Quality of Storage Service
Customizing QoSS
Chapter 10156
Customizing QoSS
The following information is not essential to QoSS daily operation and management. This
section describes the relationship between the fssweep/fsmove utilities and the allocation
policies and how files and volumes are selected for relocation.
Mapping Relocation Policies to Allocation Policies
The fssweep and fsmove utilities use relocation policies to relocate existing files. Relocation
uses the file system’s allocation policies to determine the current location of each file and to
move files to new locations. Allocation policies also control newly created files. You can
manage allocation policies using the fsapadm utility (see the fsapadm(1M) manual page). In
addition, some allocation policies are automatically managed by the fssweep and fsmove
utilities.
The fssweep and fsmove utilities create allocation policies that have names starting with the
characters fsmove_.
Each component volume has an allocation policy with a name created by appending the
volume name to the string fsmove_. For example, a volume named qoss1a has an allocation
policy named fsmove_qoss1a. The file system also has an allocation policy named
fsmove_ALL that includes all component volumes. VxFS default behavior is to assign
fsmove_ALL to the file system’s mount point as the allocation policy to be used for the newly
created files.
By convention, fssweep and fsmove use volume names, so you need not specify the string
fsmove_ when using these utilities.
The fsmove_ALL allocation policy allows newly created files to reside on any volume. The
order in which volumes are used is by ascending device index numbers. When the fssweep
utility compares a newly created file’s residence against a relocation policy’s list of source
volumes, fssweep treats the files as if they reside on the volume of lowest device index.
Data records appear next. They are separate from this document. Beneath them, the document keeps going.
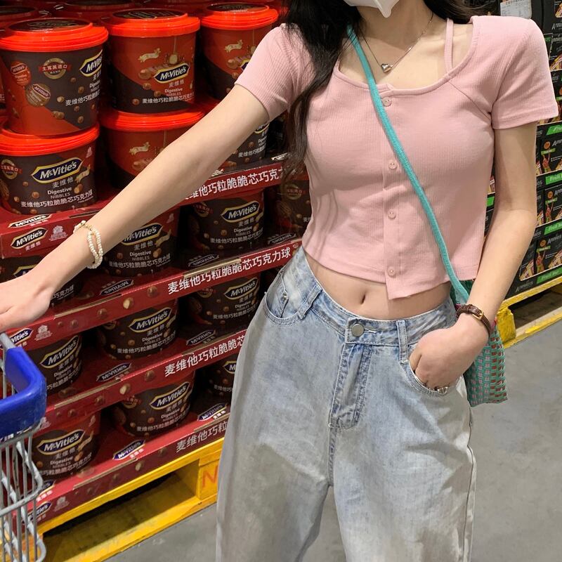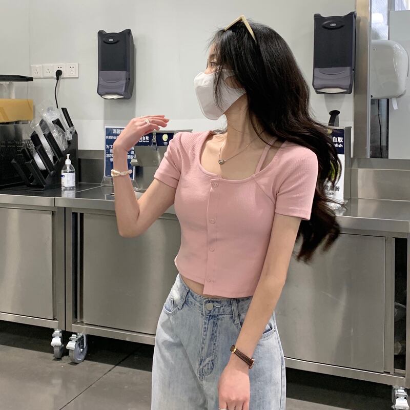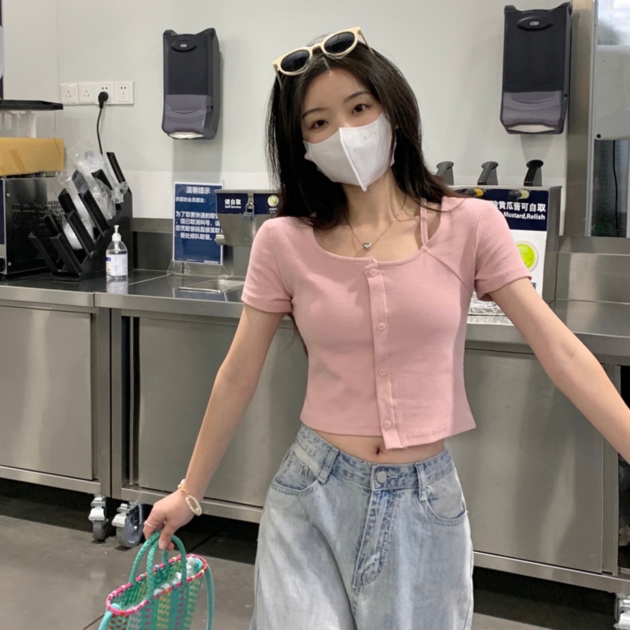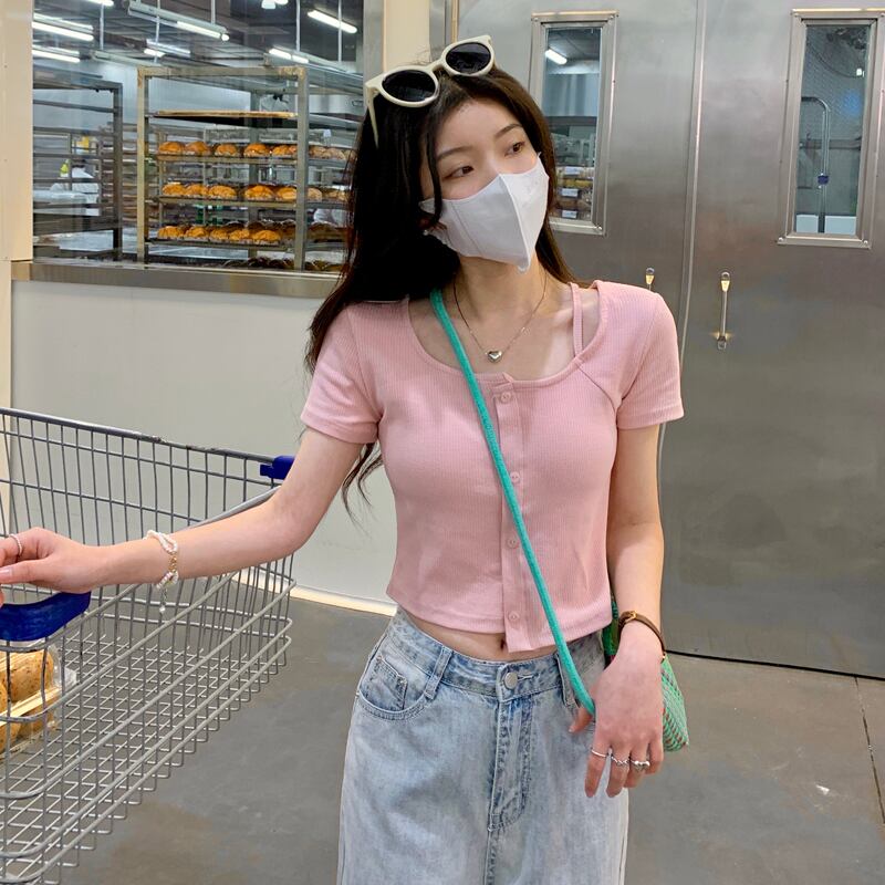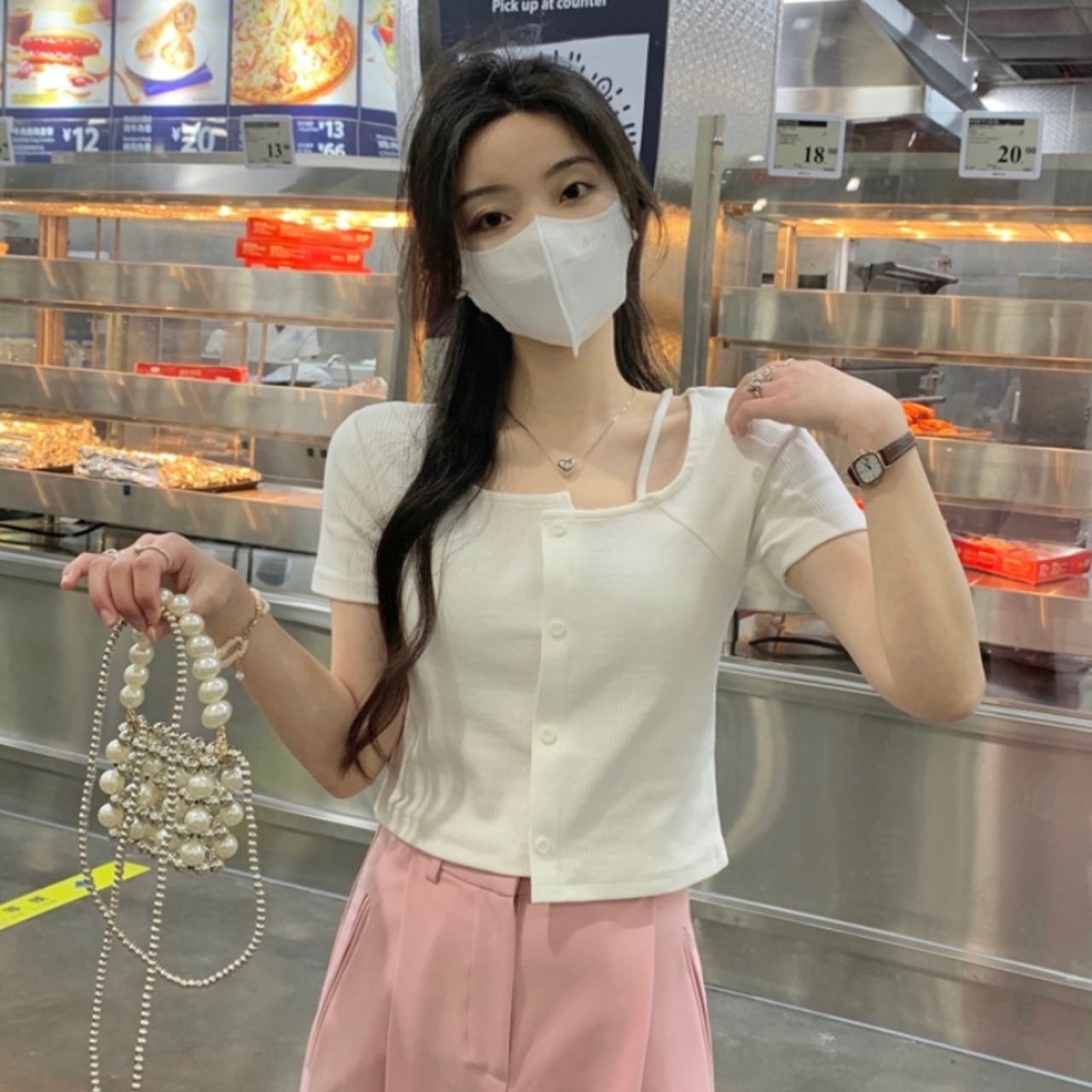 ショートスタイルトップス 夏服カラー半袖スリーブTシャツ ハーフスリーブ 大人ガーリー スウィート キュート カジュアル 夏物 ピュア スクウェア コーデ Marchs4986878852
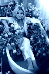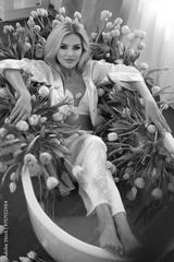 A beautiful happy smiling woman with blond hair stands near a white bathtub full of flowers.
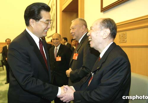 全國政協十屆三次會議三月三日在北京開幕,國家主席胡錦濤在開幕式前問候出席會議的全國政協副主席馬萬祺。作者:廖文靜
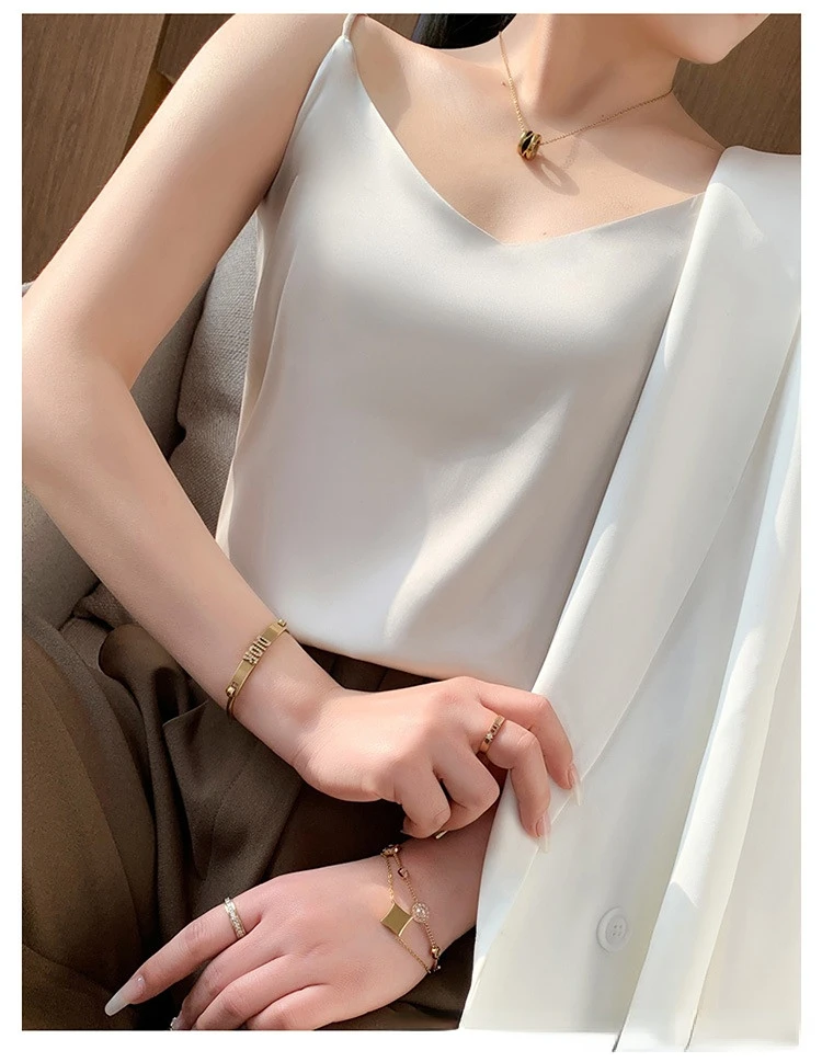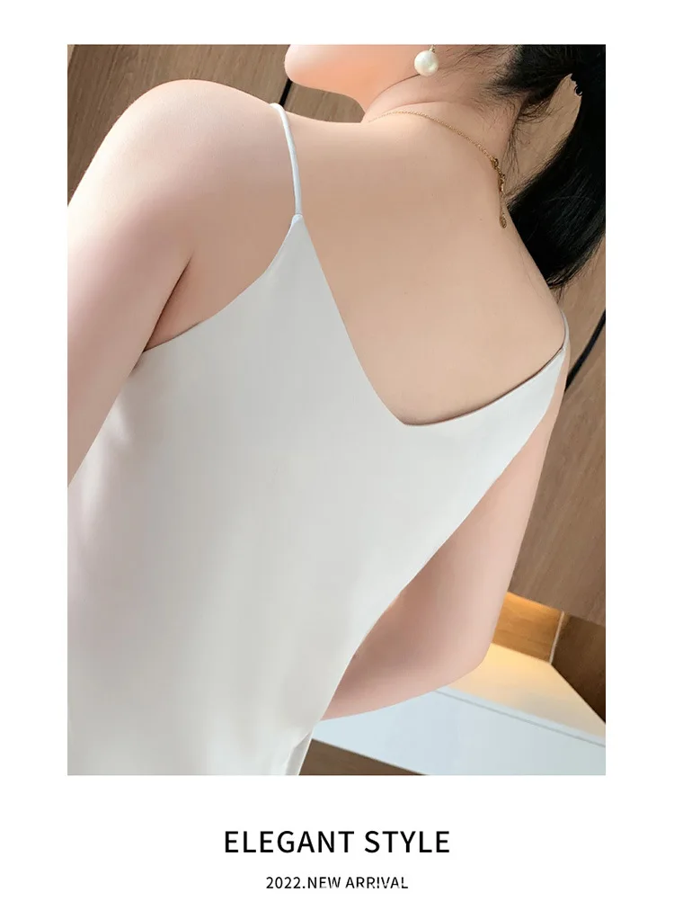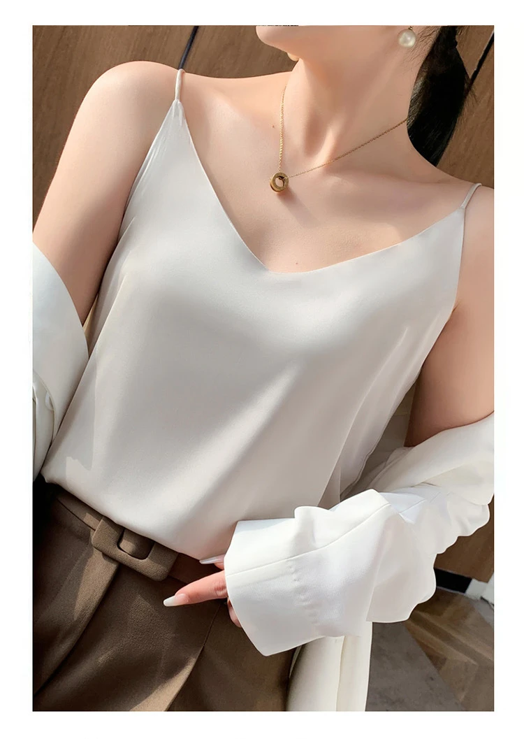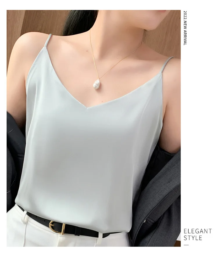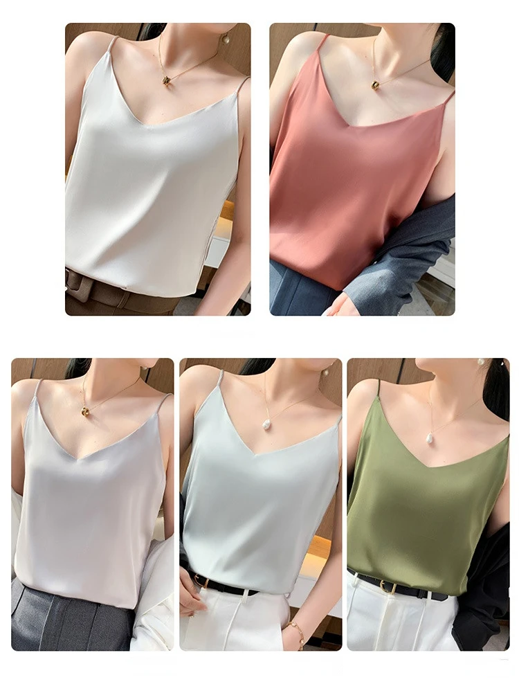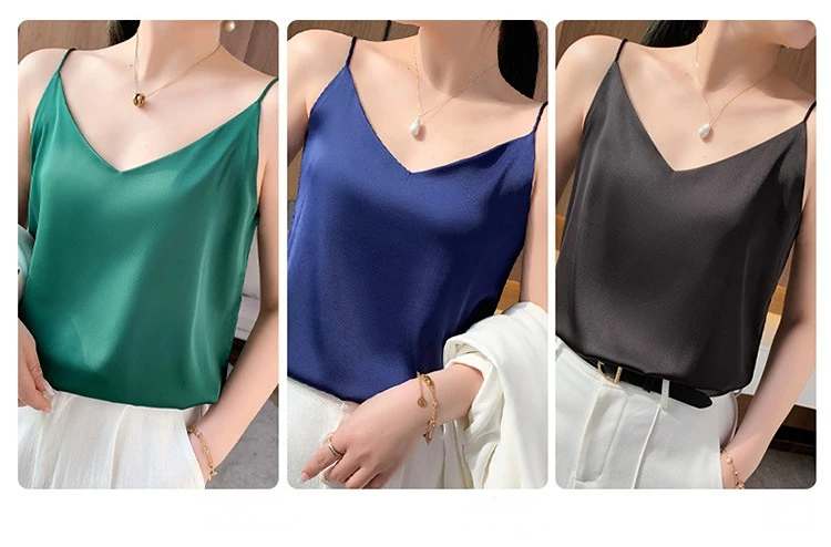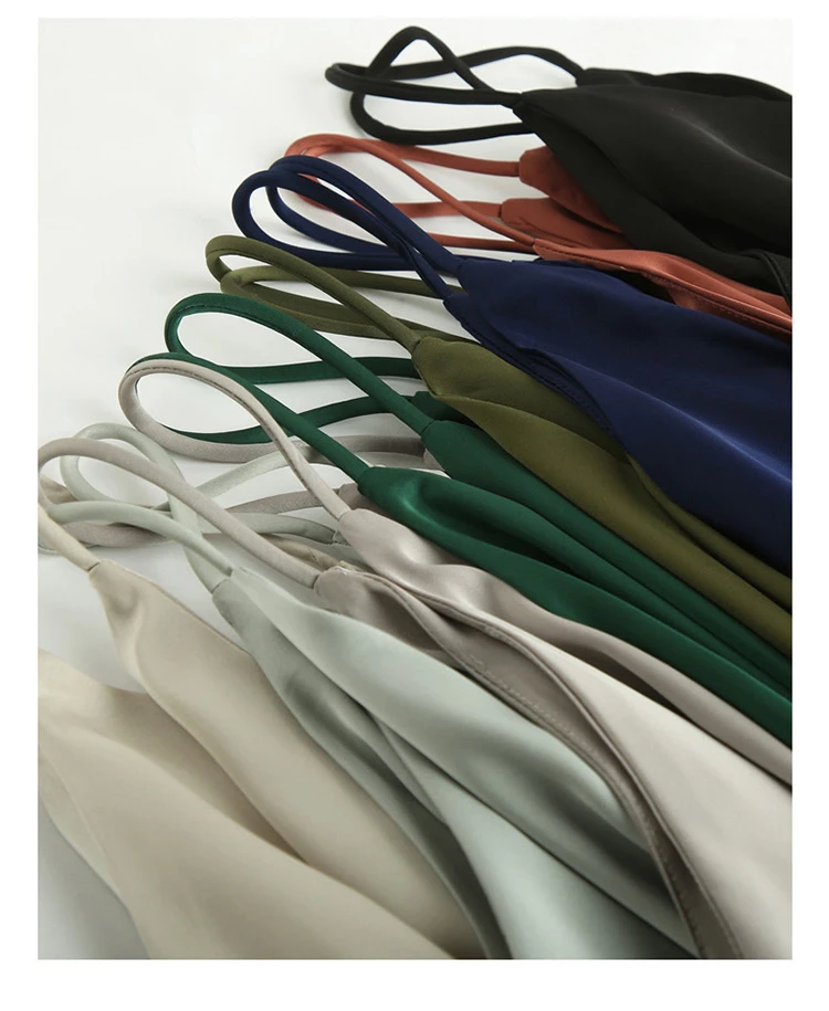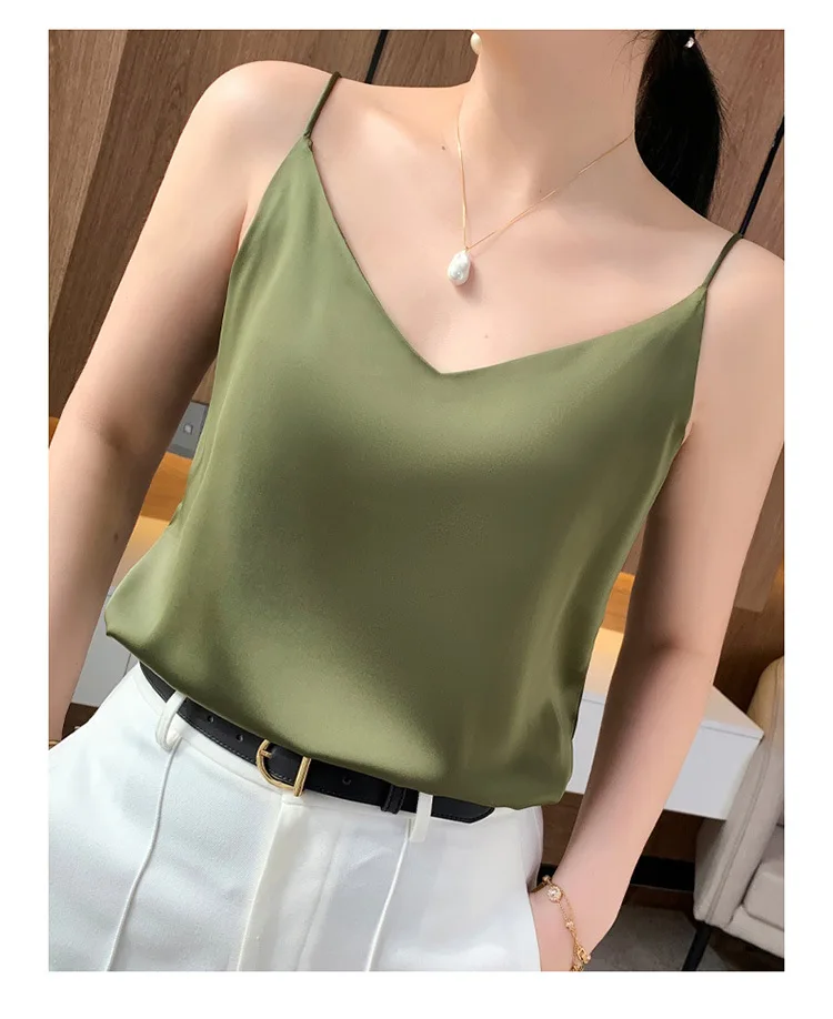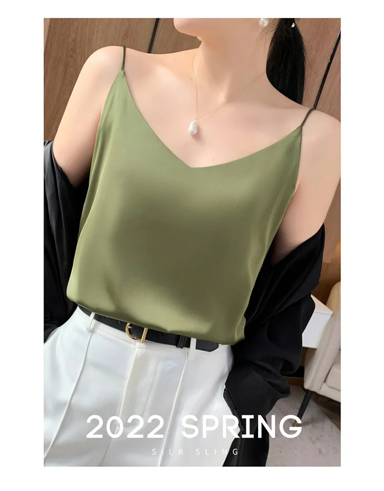 Color: army green, Size: XL - Fashion Silky Camisole Women's Inner With White Bottoming Satin Top Summer V-neck Thin Section

When you use the fssweep and fsmove utilities for the first time, the file system can already
contain files that have no allocation policies. The fssweep utility treats such files as though
they reside in the fsmove_ALL allocation policy.
If you use the fssweep and fsmove utilities infrequently, the default allocation policy
allows overflow as each volume becomes full. To the extent that this happens, it becomes
ambiguous where the recently created files really reside.